[Stored items from a collection]

++++++++++

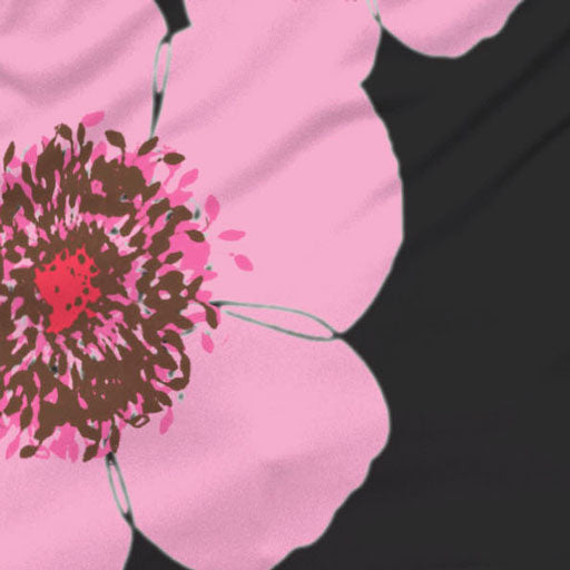 This print features small poppies on the front with a large poppy on back with striped sleeves in black and pink. This classic favorite designed by Susan Werner.
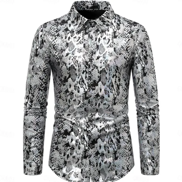 Disco 1980s Shiny Metallic Blouse / Shirt Masquerade Disco Fancy Dress Men’s Halloween Carnival Masquerade Performance Event / Party Stage Adults’ Shirt Spring & Summer
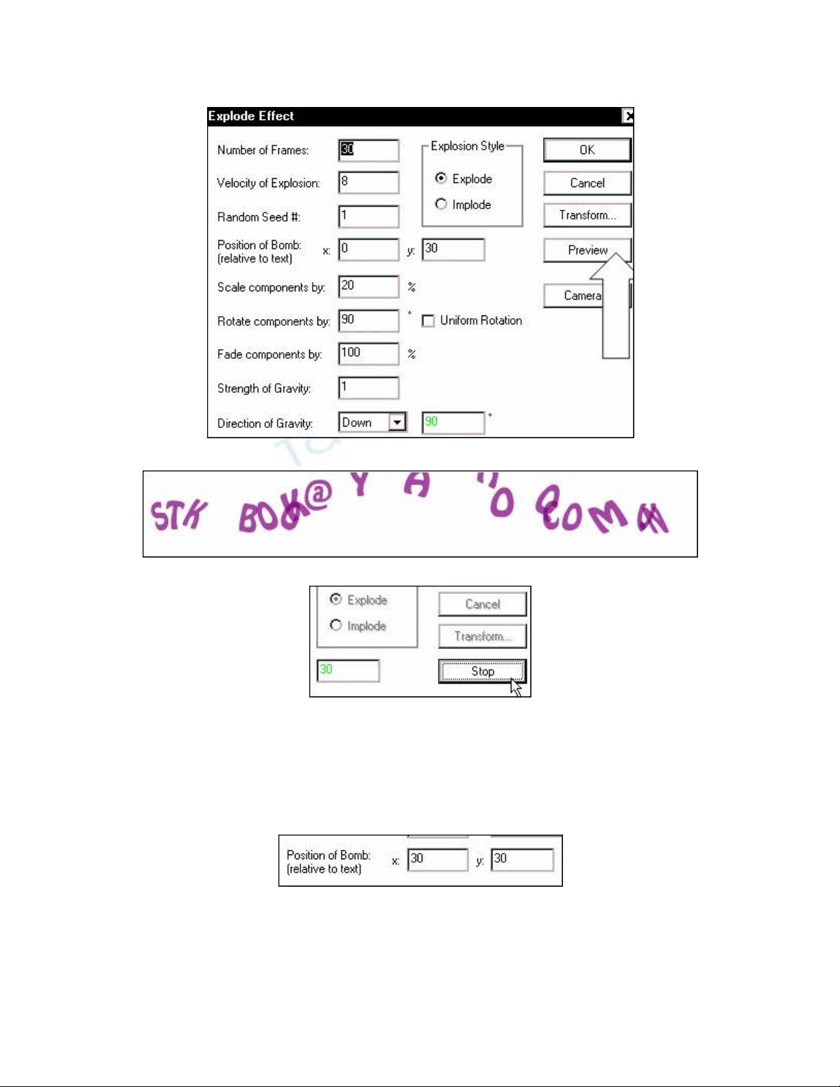 Hộp thoại Explode Effect xuất hiện với chế độ mặc định như sau:
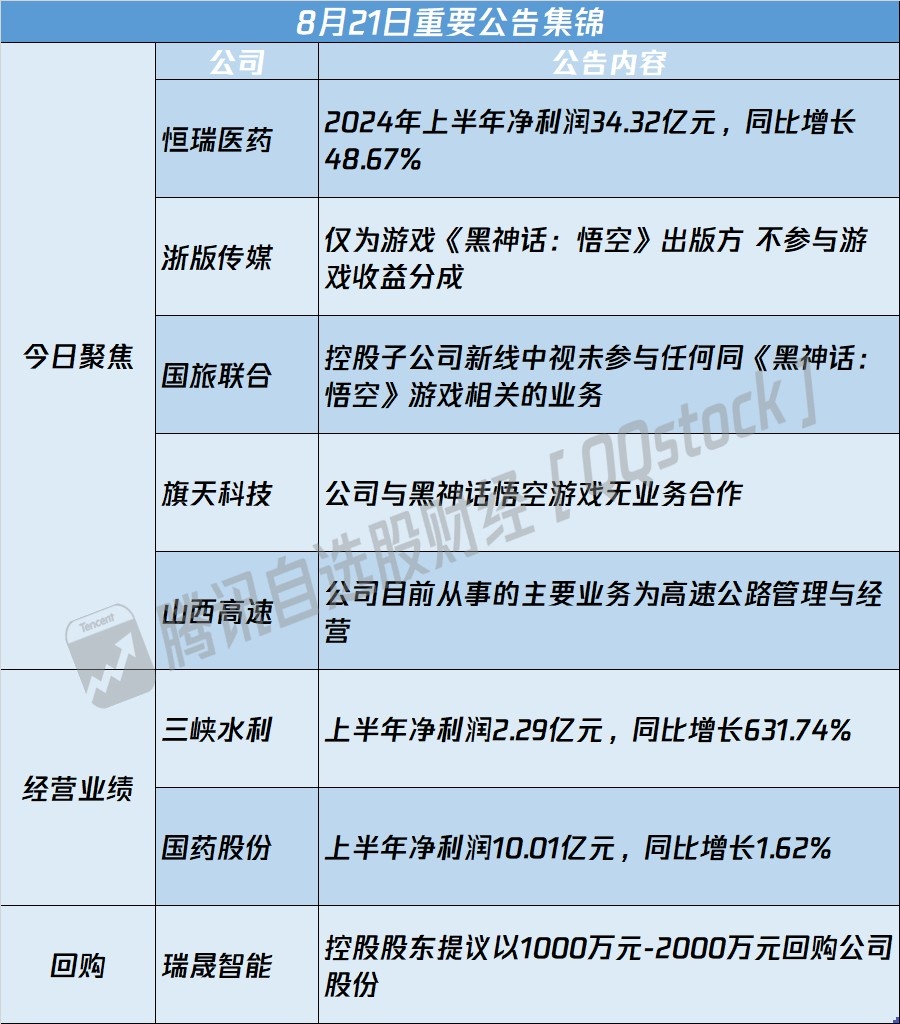 1、三峡水利:上半年净利润2.29亿元,同比增长631.74%
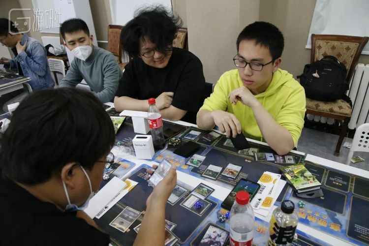 在我换完卡后,我和坐在我对面的一对姐弟(可能是)打了一把友谊赛。虽然一开始我占了优势,但是随着对局的继续进行,形势急转直下。正当我快要输掉这场比赛时,活动正式开始了,友谊赛也随之结束。经过简单的规则讲解,我们开始自由对决。于是,我抓起骰子,与周围的牌友们告别,起身前往大厅中央——那里可能有更强的对手。经过数次寻找,我找到了一个空座,对面是一位温文尔雅,比较平和的老哥,于是我便大胆提议进行一次对局。可能是因为对方牌友还不太熟悉规则,这次对局中我仍然处于上风。不过很可惜,由于我在下午三点半有些事,我只好在牌局进行到一半的情况下暂时离开活动场地。

++++++++++

WORK ORDER
Beginning with the first entry above, reproduce every line verbatim until the line with "Disco 1980s Shiny", which is included too; omit pictures.

RESPONSE
 This print features small poppies on the front with a large poppy on back with striped sleeves in black and pink. This classic favorite designed by Susan Werner.
 Disco 1980s Shiny Metallic Blouse / Shirt Masquerade Disco Fancy Dress Men’s Halloween Carnival Masquerade Performance Event / Party Stage Adults’ Shirt Spring & Summer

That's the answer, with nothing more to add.